One month after she moved to New York City, the September 11 attacks took place. She was contacted that morning by a producer from SIC Notícias, where she had previously interned, and was directed to meet a news crew atop the CBS Building in Midtown Manhattan, where she would go live in three hours. Before going on air, she was told, "Prepare yourself. The whole of Portugal is watching you."
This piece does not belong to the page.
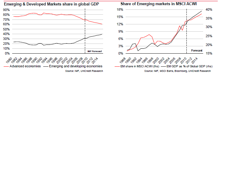 Tillväxtmarknader tar allt större del av kakan (världsekonomin) och i samma takt växer deras del i index.
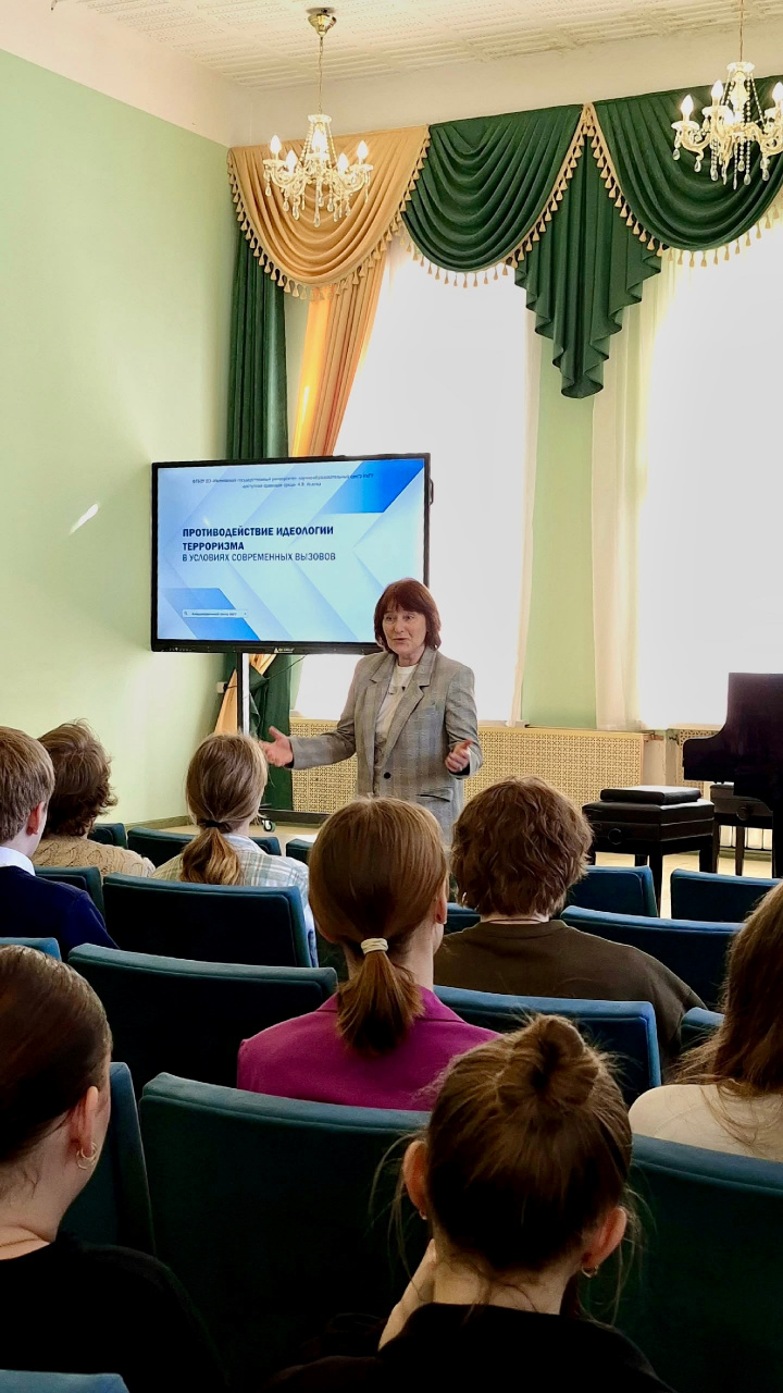 В ходе мероприятия Нина Валентиновна подробно осветила понятие «террор», его причины, цели и исторические аспекты распространения террористической деятельности. Особое внимание было уделено ценностно-смысловым основам права в контексте противодействия идеологии терроризма, среди которых: должное; свобода; формальное равенство; уважение права другого; принятие разного; признание способности и возможности действовать во благо общества при реализации своих интересов.

After receiving her degree from Columbia, van Zeller moved to London to work for a documentary producer, with hopes of covering the Iraq War. With London as her new base, she studied Arabic at Damascus University in Syria in order to better seek out stories in the Middle East. Over the next two years, her freelance documentaries from Syria appeared on PBS's Frontline/World, the CBC, and Channel 4 (United Kingdom). In 2005, she joined Current TV as a correspondent and producer for the Vanguard documentary series.
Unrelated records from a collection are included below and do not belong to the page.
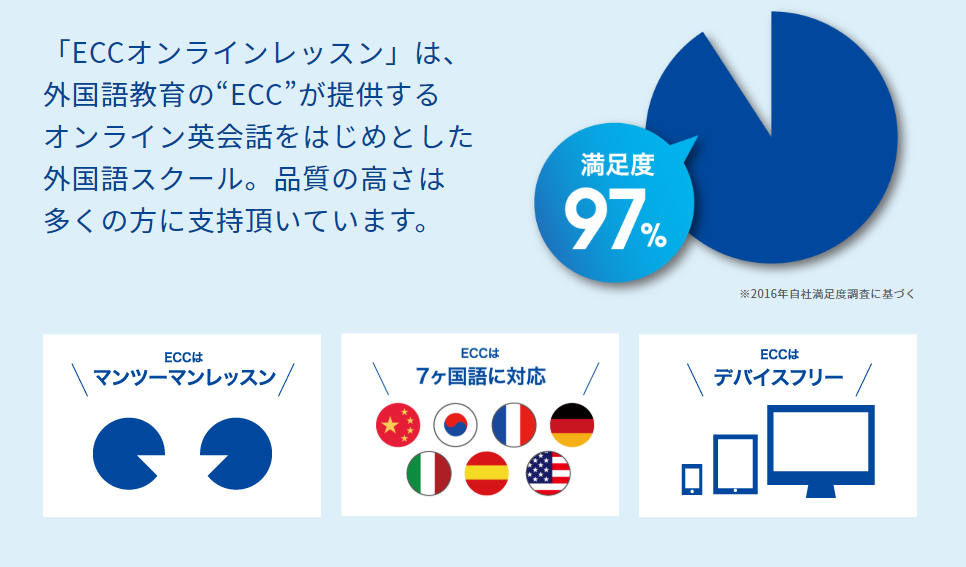 ECCオンラインレッスンは英会話教室のECCが提供するオンライン英会話です。なんと7カ国語を学ぶことができ、それぞれネイティブ講師からレッスンを受けることができます。
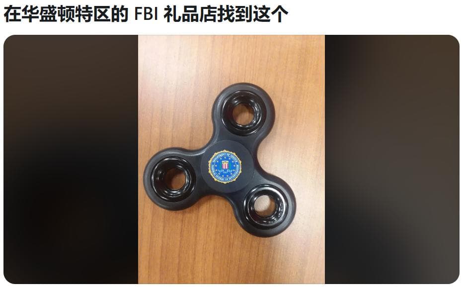 就像国外有网友在位于华盛顿的FBI礼品店找到的一个指尖陀螺。贴上了FBI的logo,这似乎就不再是一个简单的解压玩具,你免不了想象,这里弹开会不会有个摄像头,那里拧一下会不会能录音。
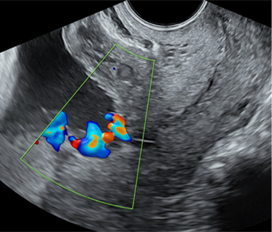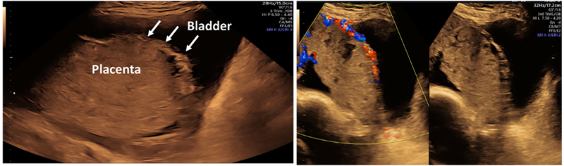 그림 1. Placenta accreta spectrum. 방광벽에 인접한 태반(왼쪽)과 불규칙한 uterovesical interface 및 placenta lacunae가 관찰(오른쪽). from ISUOG practice guidelines
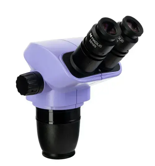 Объектив плавно изменяет увеличение в 8,4 раза без потери фокуса. Оптическая система формирует прямое (неперевернутое) объемное изображение. Дополнительные насадки на объектив изменяют диапазон увеличения, поле зрения и рабочее расстояние микроскопа.
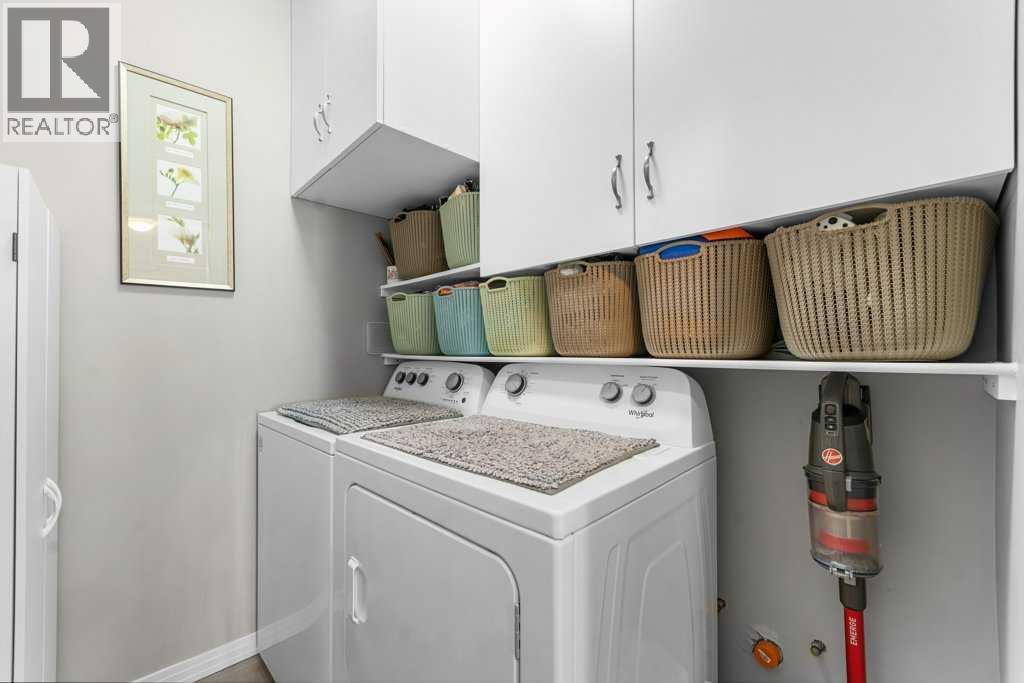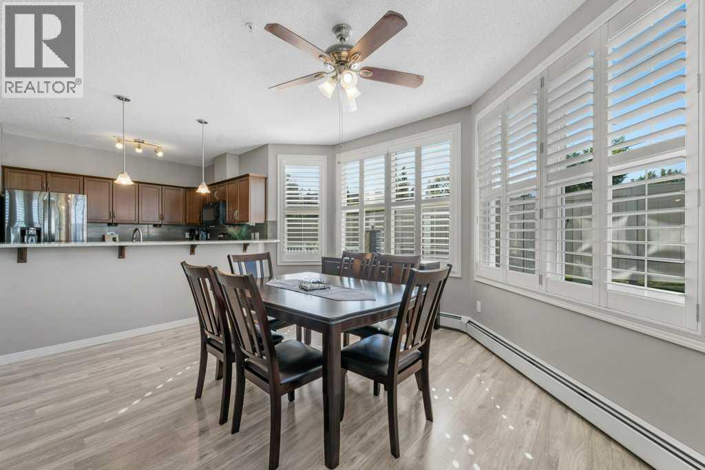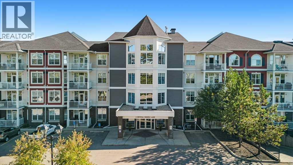 Welcome to this beautiful large corner "former show suite" - located on the main floor of the desirable Penncross complex. So much natural light from large windows throughout the living room and both bedrooms, this home offers a bright and open executive space. Thoughtful upgrades are found throughout, including high-end shutters on all windows, a corner built-in cabinet near the entry, a built-in "Murphy Bed" in the guest room, plus a full sized washer and dryer. The gourmet kitchen is large, with an abundance of cabinetry, plus granite counters, complimented by stainless steel appliances. The living room is spacious, allowing room for entertaining. The primary bedroom features a walk-in closet and a private updated 3-piece ensuite, while the second bedroom is generous in size and conveniently located next to a 4-piece main bathroom. Penncross offers outstanding amenities including a fitness centre, games room, library with fireplace, and indoor/outdoor putting greens—perfect for relaxing or entertaining. Just steps away is Crystal Ridge Golf Course, and your condo fees include year-round lake access to Crystal Shores. To top it all off, this unit comes with two titled underground parking stalls—a rare and valuable bonus. Enjoy executive-style living at an incredible value in one of Okotoks' most desirable communities! (id:53676)

Van Zeller is fluent in Portuguese, English, Spanish, Italian, and French. She also speaks some Arabic.

==Personal life==
Van Zeller is married to her former Columbia classmate Darren Foster, who is a series producer and director with National Geographic Channel. In July 2010, she gave birth to their child, a son named Vasco.

She became an American citizen on March 17, 2015.

==Filmography==
- Vanguard (2008–2013)
- Narco Bling (2012)
- Obama's Army
- El Chapo: CEO of Crime (2013)
- Inside: Secret America (2013), also known as Undercover USA
- Pimp City: A Journey to the Center of the Sex Slave Trade (2014)
- Trafficked with Mariana van Zeller (2020–2024)
- Trafficked: Underworlds With Mariana van Zeller (2024–2025)

==Awards==

| Year | Award | Organization | Work | Category | Result |
| 2008 | Livingston Award for Young Journalists | Mollie Parnis Livingston Foundation | Reporting on the Iran–Iraq border | Best International Reporting | Nominated |
| 2009 | Webby Award | International Academy of Digital Arts and Sciences | "Obama's Army" | News & Politics: Individual Episodes | Won |
| 2010 | Peabody Award | Henry W. Grady College of Journalism and Mass Communication | "The OxyContin Express" |  | Won |
| 2011 | "Greatest Person of the Day" | Huffington Post |  |  | Won |
| Livingston Award for Young Journalists | Mollie Parnis Livingston Foundation | "Rape on the Reservation" |  | Won |

"The OxyContin Express" also received the 2010 Television Academy Honor, a Prism Award and an Emmy nomination.